BEGIN

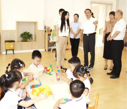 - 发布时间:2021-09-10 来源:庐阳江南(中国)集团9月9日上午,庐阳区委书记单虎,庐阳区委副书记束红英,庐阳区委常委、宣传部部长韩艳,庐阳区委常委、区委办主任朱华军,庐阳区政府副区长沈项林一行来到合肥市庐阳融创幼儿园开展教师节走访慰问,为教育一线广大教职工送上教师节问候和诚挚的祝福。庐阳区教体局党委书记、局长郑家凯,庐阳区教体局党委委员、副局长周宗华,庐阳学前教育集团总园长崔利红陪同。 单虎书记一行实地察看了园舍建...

END
BEGIN

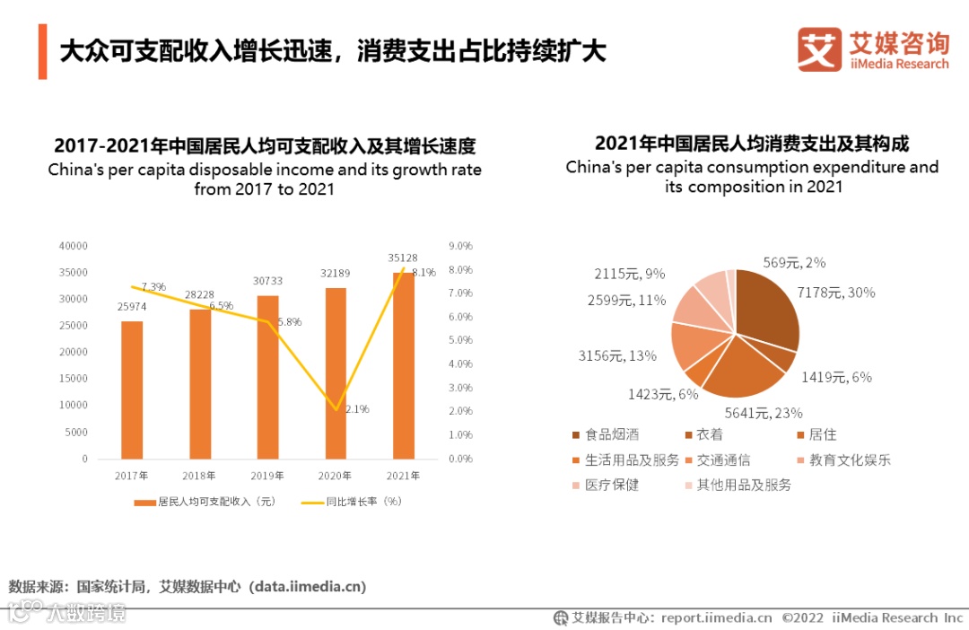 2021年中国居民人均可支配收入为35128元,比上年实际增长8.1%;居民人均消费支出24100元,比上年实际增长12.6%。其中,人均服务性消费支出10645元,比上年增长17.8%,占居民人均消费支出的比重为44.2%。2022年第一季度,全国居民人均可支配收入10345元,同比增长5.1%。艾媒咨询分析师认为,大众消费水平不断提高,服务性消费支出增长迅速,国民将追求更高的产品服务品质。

END
BEGIN

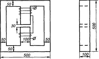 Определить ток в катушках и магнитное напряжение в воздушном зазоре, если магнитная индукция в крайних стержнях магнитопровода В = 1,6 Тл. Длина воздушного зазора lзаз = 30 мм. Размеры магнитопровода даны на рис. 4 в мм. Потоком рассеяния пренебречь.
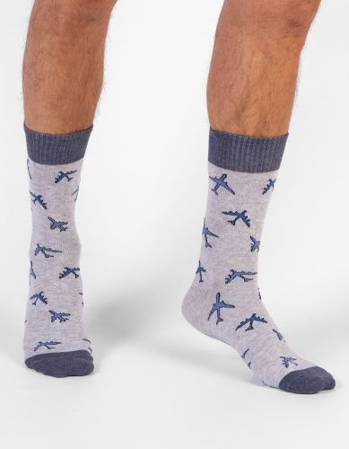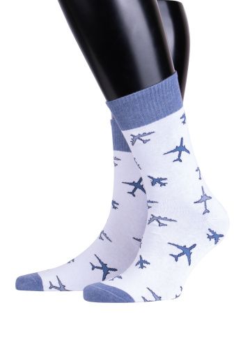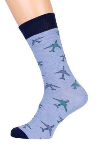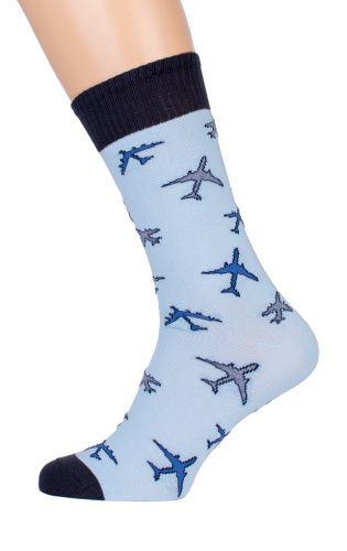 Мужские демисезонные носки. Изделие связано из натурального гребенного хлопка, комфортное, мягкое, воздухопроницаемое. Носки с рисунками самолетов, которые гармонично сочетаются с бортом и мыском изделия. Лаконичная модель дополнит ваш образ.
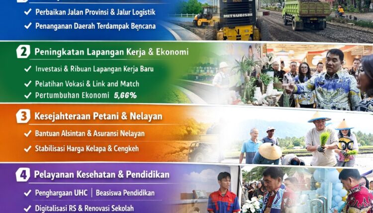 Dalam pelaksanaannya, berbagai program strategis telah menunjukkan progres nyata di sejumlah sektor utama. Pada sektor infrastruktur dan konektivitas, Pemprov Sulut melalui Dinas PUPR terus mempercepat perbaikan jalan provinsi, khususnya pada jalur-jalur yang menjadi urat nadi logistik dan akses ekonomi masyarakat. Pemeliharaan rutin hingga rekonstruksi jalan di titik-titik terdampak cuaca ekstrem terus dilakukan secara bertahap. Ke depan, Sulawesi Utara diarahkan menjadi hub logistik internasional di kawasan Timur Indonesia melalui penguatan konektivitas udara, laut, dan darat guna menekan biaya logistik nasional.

END

▶ _WORK REQUIRED_: Copy only what lies between the line with "Мужские демисезонные носки." and the line with "Dalam pelaksanaannya, berbagai", those two lines included, exactly as given above; pictures stay out.

▶ _YOUR SOLUTION_:
 Мужские демисезонные носки. Изделие связано из натурального гребенного хлопка, комфортное, мягкое, воздухопроницаемое. Носки с рисунками самолетов, которые гармонично сочетаются с бортом и мыском изделия. Лаконичная модель дополнит ваш образ.
 Dalam pelaksanaannya, berbagai program strategis telah menunjukkan progres nyata di sejumlah sektor utama. Pada sektor infrastruktur dan konektivitas, Pemprov Sulut melalui Dinas PUPR terus mempercepat perbaikan jalan provinsi, khususnya pada jalur-jalur yang menjadi urat nadi logistik dan akses ekonomi masyarakat. Pemeliharaan rutin hingga rekonstruksi jalan di titik-titik terdampak cuaca ekstrem terus dilakukan secara bertahap. Ke depan, Sulawesi Utara diarahkan menjadi hub logistik internasional di kawasan Timur Indonesia melalui penguatan konektivitas udara, laut, dan darat guna menekan biaya logistik nasional.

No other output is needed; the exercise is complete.